Special Session Likely to Focus on Economic Growth
JEFFERSON CITY - Missouri lawmakers say boosting the state's economy will likely be the center focus of a special session next month. All, in an effort to generate job growth.
State Representative and Economic Development Vice Chairman Caleb Jones said the economic development and tax reform bill would generate $1.5 billion in net savings. This would be from reining in tax programs that are underperforming, and reallocating that money to benefit a greater portion of the state.
"Now, more than ever, the biggest issue that is facing Missouri families is economic development, and 'How we are going to keep our jobs here in Missouri?' 'How are we going to attract more jobs?' And with 9 percent unemployment here in the state, it's questioning everyone and every job out there and making sure we're doing the best for the state of Missouri," Jones said.
One suggestion included in the bill involved providing tax incentives to the St. Louis Lambert International Airport. "Aerotropolis," is meant to transform the airport into a hub for international trade. The program is about $400 million in tax credits, Schaefer explained. For the most part, the money would be used for refrigerated warehousing.
"You could have commodities that have to be refrigerated come in, have a place to be stored before they are shipped out or vice versa," Shaefer said, therefore opening up new trade possibilities.
But not everyone is satisfied with where the tax credits would come from...
"The more controversial issue in the proposal of the bill is to create those tax credits by eliminating existing tax credits... We need to be very, very cautious when looking at eliminating that credit, which has proven itself to be successful, to pay for a project that is somewhat speculative," Schaefer said.
Another part of the bill proposes a Missouri Science and Innovation Reinvestment Act (MOSIRA), which Schaefer said would expand the biotech industry.
"There are several of us from Mid-Missouri who are working very hard to convince the governor that it would be good to include the expansion of the Callaway plant in the special call... We are going to be at a competitive disadvantage in the state of Missouri for manufacturing or any other entity that uses a lot of electricity, all the way down to residential by this additional tax. So if we can expand our capacity from nuclear, that is not subject to the tax," Shaefer said.
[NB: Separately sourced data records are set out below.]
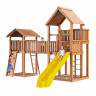 Игровая площадка изготовлена из клееного соснового бруса и массива сосны .Дерево обработано безопасной декоративно-защитной пропиткой. Технология значительно увеличивает срок службы конструкций, повышает прочность древесины, защищает её от гниения и грибков .Игровая площадка имеет оптимальный набор элементов :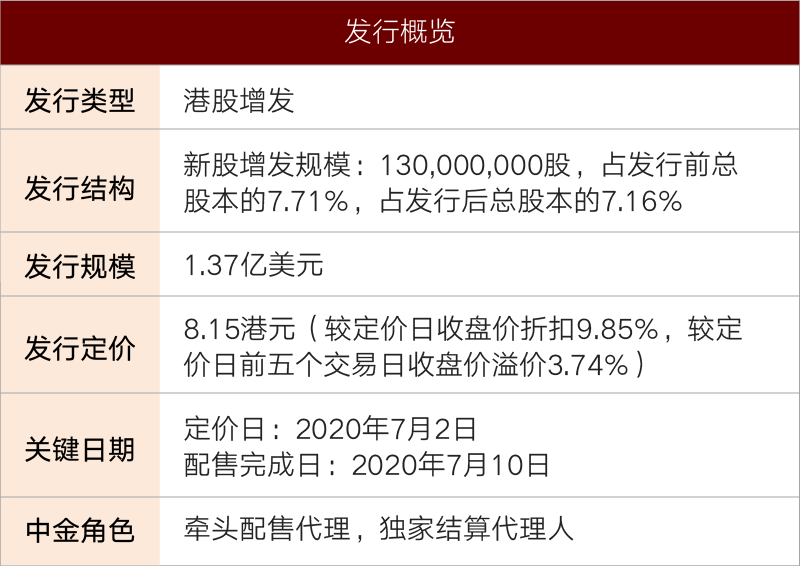 中金公司发起并全面牵头本项目,为发行人提供优质投行服务,把握项目执行进度,充分挖掘投资故事。作为牵头配售代理,中金公司报价精准,获得绝大部分承销份额,在复杂的境内外市场环境下,精准把握市场窗口,紧密跟踪行业动态和公司股价表现,基于对市场环境的准确判断和对发行窗口的良好把握,协助公司顺利实现了价量双优的发行结果。
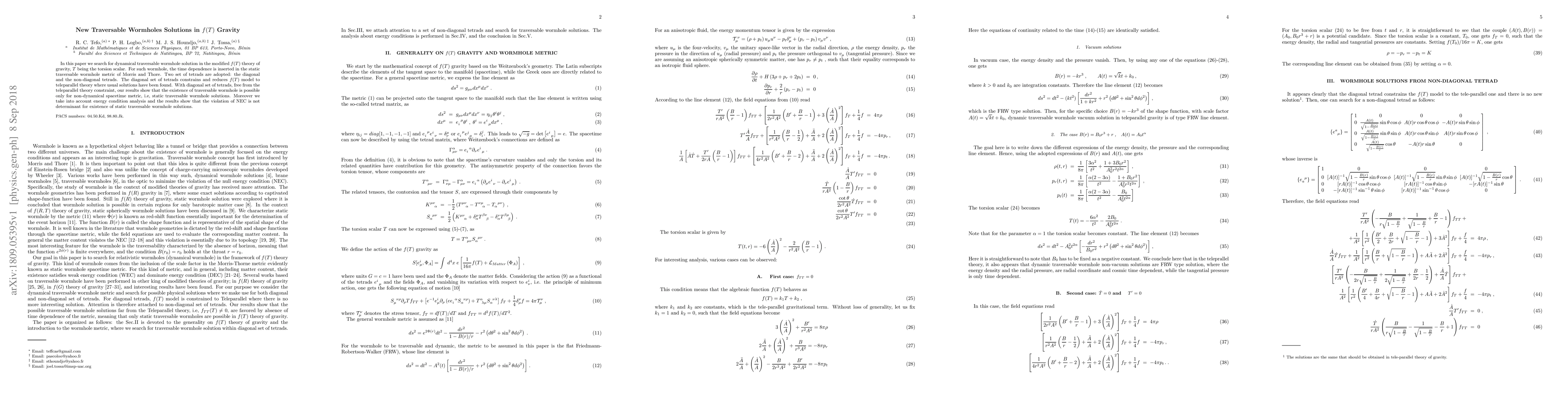 This paper explores dynamical traversable wormhole solutions in $f(T)$ gravity, modifying the static Morris and Thore metric. It finds that while diagonal tetrads constrain $f(T)$ to teleparallel theory, non-diagonal tetrads allow for static traversable wormholes, with energy condition analysis indicating that NEC violation does not necessarily determine their existence.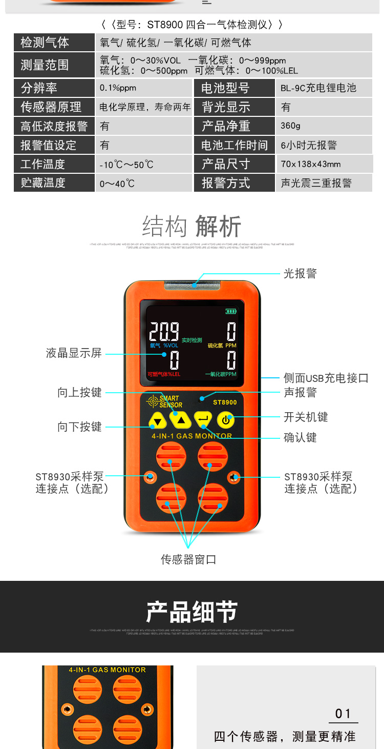 A series of four-in-one gas detection series

He continued, "In the short term, it's roughly a $7 billion to $8 billion construction project over about seven years. At its peak, that's about 4,000 construction jobs. So if the point of the special session is economic development, there is no bigger economic development proposal in this state, than the expansion of the nuclear plant."
Until Governor Jay Nixon calls the special session, it is unclear how much each issue will be discussed, and what new proposals will be up for negotiation.